How help search should work

Thanks to Internet search engines like Google, software users have become more comfortable using search as their primary means of accessing help content.

Every help authoring tool seems to have a different approach to presenting search results. Offerings range from ranked results to alphabetical lists, with additional features thrown in such as the inclusion of chunks of topic text with highlighted search keywords. Each method of presenting search results offers different benefits to users.

Since help tools offer mixed approaches, I feel perfectly comfortable throwing my own opinions into the mix.

Two kinds of search users

In my experience, there are two types of searchers.

The first type is looking for the "needle in the haystack." They already have some expertise using the software, and use search to comb every chunk of content that contains their keywords. Overview information is not important to them; they are searching for a specific detail that could be anywhere. This type of user depends on full-text search functionality; search highlighting and summarized descriptions showing the context of the keywords are important to them.

Let's call these searchers "haystackers."

The second type of searcher uses search to develop a basic understanding of how to use the software. For example, when using a photo editing application, they may search on "editing images" to find overview information and procedures to help them get started.

This type of searcher is looking for topics that teach the basic concepts related to their keywords. Desired results might include "Overview of editing images," "Importing images for editing," and "Saving edited images." This type of searcher does not want to wade through a huge list of topics; they only want to see the topics that focus on the keywords they entered.

Let's call these searchers "generalists."

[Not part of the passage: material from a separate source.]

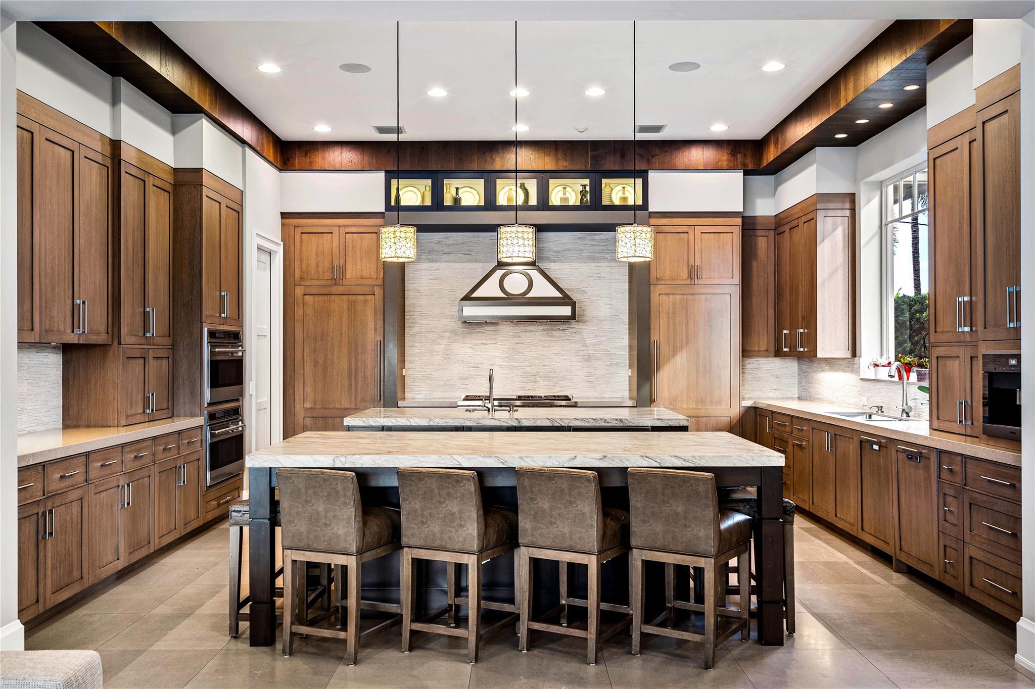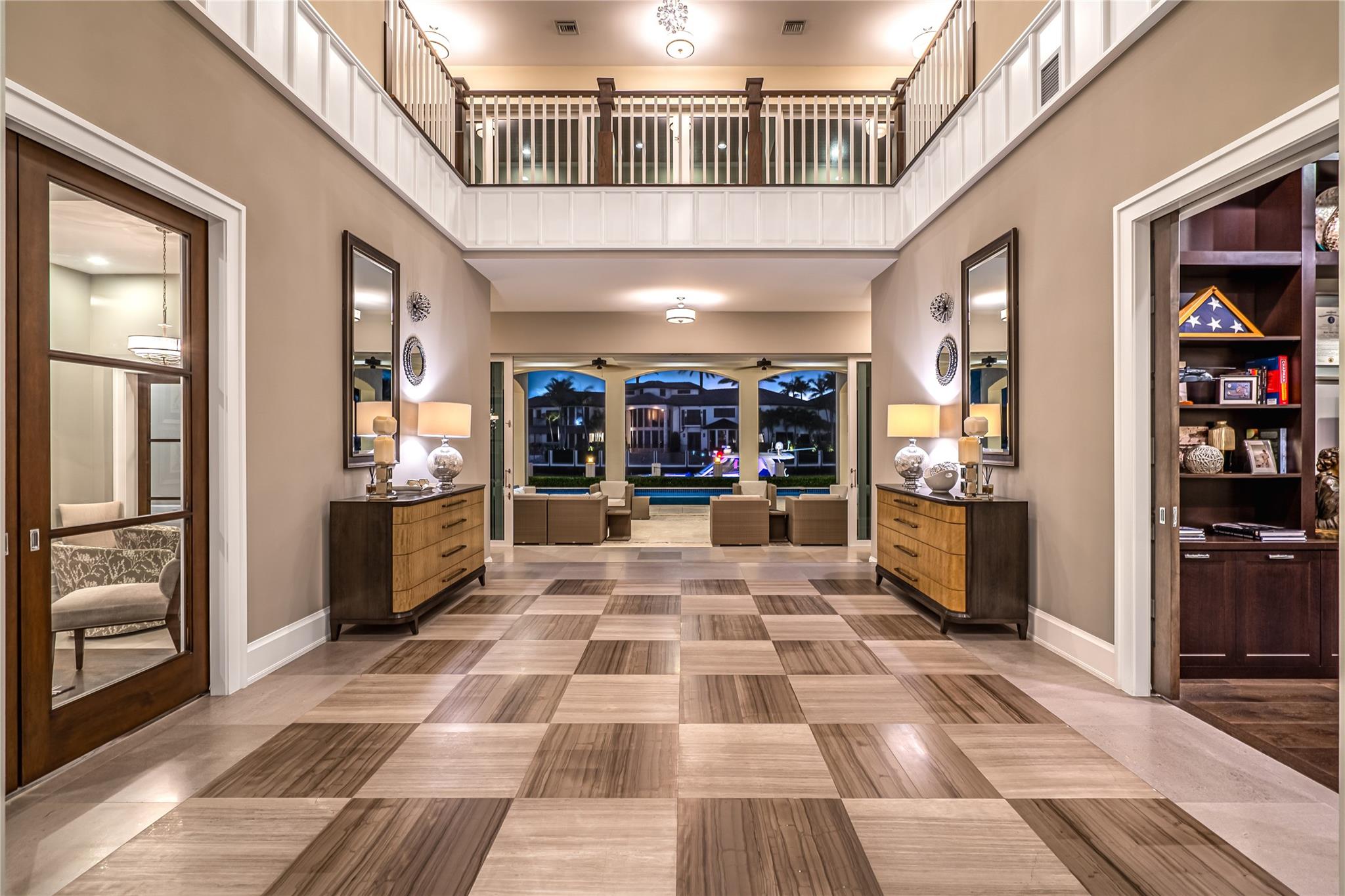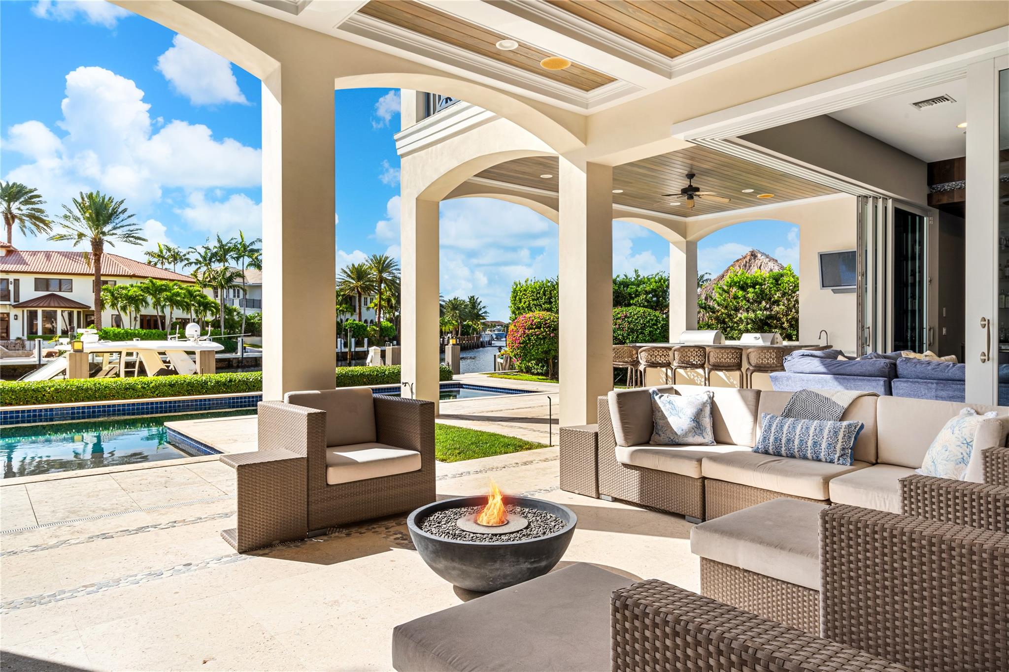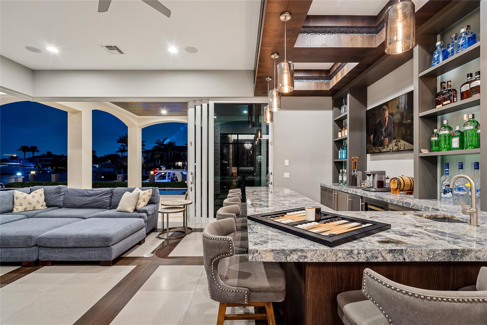 Exceptional coastal-inspired deepwater estate on 87’± of waterfront along wide Cap Knight Bayou, offering spell-binding water views. Crafted by Frankel Estate Homes and designed by Carlos Martin Architect, this residence sets a new standard with superior craftsmanship and materials. The 7-bedroom, 7.5-bath home spans 13,473± total square feet, showcasing wide water views from nearly every major room. The impressive double-island kitchen features custom cabinets and luxe appliances. Features include a 1,350-bottle wine cellar, full bar, elevator, office, 4-bay garage, generator, and more. Outdoor entertainment awaits with an expansive lanai, resort-style pool/patio, and covered summer kitchen. Ideal for avid boater, the full-service composite yacht dock is just minutes to Hillsboro Inlet.

Building a better mousetrap

So how do we present search results that are helpful to both haystackers and generalists?

First, we have to summarize the needs of both types of searchers.

Haystackers want:

  • A complete list (all topics containing the keyword)
  • An alphabetical list of results to keep track of which topics they've already combed for details
  • Context summaries that hint whether a topic contains the details they're after

Generalists want:

  • Ranked results so they know which topics are the most relevant
  • Clear indication of overviews and important procedures (scannable results)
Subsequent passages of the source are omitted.